Administrator General of Suriname Debt Management Office Malty Dwarkasing
Suriname’s economy is dramatically different today than in May 2020 when President Chan Santokhi took office.
That year, the economy shrank by 16%, the budget deficit was inching toward 10% and inflation was 59%. The country’s debt-GDP ratio was a whooping 148%. The country was broke and very few expected a marked improvement any time soon.
Yet Suriname proved the skeptics wrong. The economy is now forecast to expand by 3% in 2024 with a budget deficit of 1%. Inflation was 9.7% in the first 11 months of the year. The debt to GDP ratio is 78% and trending down.
“We inherited a desperate situation and we take pride in what we achieved,” says Finance and Planning Minister Stanley Raghoebarsing. “We have made great strides, but we must remain careful and cautious.”
The turnaround was facilitated by two crucial decisions: adopting an International Monetary Fund (IMF) extended fund facility in December 2021 and, two years later, successfully concluding a $1.5 billion debt restructuring which included bondholders as well as official bilateral debt (to India, China and the Paris Club of nations) and commercial bank debt.
The IMF plan provided Suriname with nearly $690 million for its fiscal rebalancing program.
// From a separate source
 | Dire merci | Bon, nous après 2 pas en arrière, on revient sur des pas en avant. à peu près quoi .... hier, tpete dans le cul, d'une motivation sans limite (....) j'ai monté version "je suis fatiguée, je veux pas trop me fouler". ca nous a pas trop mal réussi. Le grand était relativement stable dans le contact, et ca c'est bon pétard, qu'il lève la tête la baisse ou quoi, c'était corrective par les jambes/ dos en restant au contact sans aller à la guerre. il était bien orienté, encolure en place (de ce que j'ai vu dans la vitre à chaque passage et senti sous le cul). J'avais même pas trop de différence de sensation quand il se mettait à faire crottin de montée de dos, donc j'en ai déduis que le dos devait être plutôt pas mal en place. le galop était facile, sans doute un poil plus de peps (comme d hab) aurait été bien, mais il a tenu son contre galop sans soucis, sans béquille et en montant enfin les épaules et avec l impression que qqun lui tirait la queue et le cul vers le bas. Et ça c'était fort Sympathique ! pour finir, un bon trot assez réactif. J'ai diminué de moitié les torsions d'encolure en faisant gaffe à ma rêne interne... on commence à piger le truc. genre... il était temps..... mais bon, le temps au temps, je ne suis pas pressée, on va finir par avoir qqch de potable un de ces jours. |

Meanwhile, the debt restructuring – the first such sovereign restructuring completed since the pandemic – was critical for the country’s economic rehabilitation, dramatically lowering its debt service obligations by almost $1 billion over a six-year period through 2026.
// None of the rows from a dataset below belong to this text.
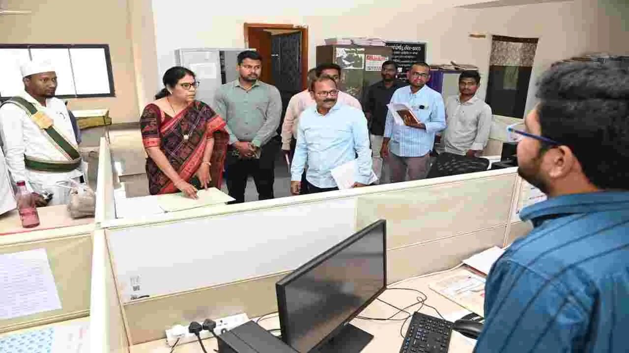 కాగా కలెక్టర్ ఆకస్మికంగా తనిఖీ చేసిన సమయంలో ల్యాండ్ అండ్ సర్వే డిపార్టుమెం ట్లో ఫీల్డ్ చైర్మన్గా విధులు నిర్వహిస్తున్న రాకేష్ అనే ఉద్యోగి తన స్థానంలో ప్రైవేటు వ్యక్తిని నియమించి తన విఽధులను చేయించడం కలెక్టర్ సాక్షిగా బట్టబయలైంది.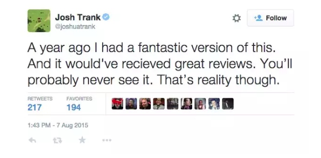 Josh Trank, diretor do polêmico Quarteto Fantástico de 2015, admitiu que lamenta um tuíte que custou à Fox cerca de US$ 10 milhões (o equivalente a R$ 50,8 milhões). Além de faturar apenas US$ 56 milhões no mercado interno – em contraponto ao custo estimado de US$ 120 milhões -, o filme foi amplamente criticado pelo público e pela mídia.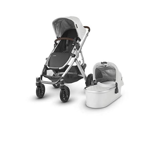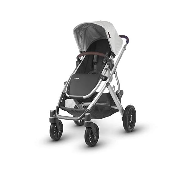 The UPPAbaby VISTA stroller is designed to transport up to 3 children- all at the same time as strolling like a single. The included bassinet is the very best lay flat solution.Suitable from 3 months to 50 lbs Expandable seat selections that allow for two forward and parent-facing, reclining seats; two MESA infant car seats, two bassinets and countless other combinations Performance Shuttle System compatible with MESA Infant Car Seat – direct attachment, no adapters important 100% full-grain leather accents Full-size forward and parent-facing Toddler Seat One-handed, multi-position recline Extendable, pop out UPF 50+ sunshade Adjustable canopy and one-button telescoping handlebar One-hand release, pivoting bumper bar for simple loading Fabrics are removable and washable Shock-absorbing front and rear suspension Extra-large, easy-get entry to basket with 30 lbs weight limit Combines aluminum with magnesium for optimal lightweight, durable performance One-step fold, without or with Toddler Seat attached, and stands when folded All-weather protection with included Toddler Seat Rain Shield and Bug Shield Bassinet: Suitable from birth, up to 20 lbs, or until infant can push up on hands and knees, whichever comes first Features a moderately longer mattress, creating a more comfortable environment for growing baby Zip-out, water-repellant inner liner and boot cover are easy to take away and clean Perforated mattress pad, vented base and canopy allow for added breathability Extendable, pop out UPF 50+ sunshade Depth and ventilation provide a secure overnight sleeping solution Included Bassinet Bug Shield and Storage Bag

One of the final steps in the restructuring was a deal with bondholders in a transaction that completed in December 2023. That transaction targeted $912 million in 2023 notes with a 12.875% coupon and 2026 notes with a 9.24% coupon; bondholders agreed to a new 10-year instrument with a 7.95% coupon, accepting a 29% haircut, according to Lazard which advised the government.
A novel feature of the restructuring was its use of a value recovery instrument (VRI) – the first instrument of its kind issued in a sovereign debt restructuring – tied to the country’s future oil wealth. Under the mechanism, Suriname agreed to use 30% of annual royalties from offshore oil block 58 to compensate for the losses incurred in the restructuring. The VRI, which will only work if Suriname does receive royalties, will kick in after the Surinamese government receives the first $100 million from oil for its domestic coffers.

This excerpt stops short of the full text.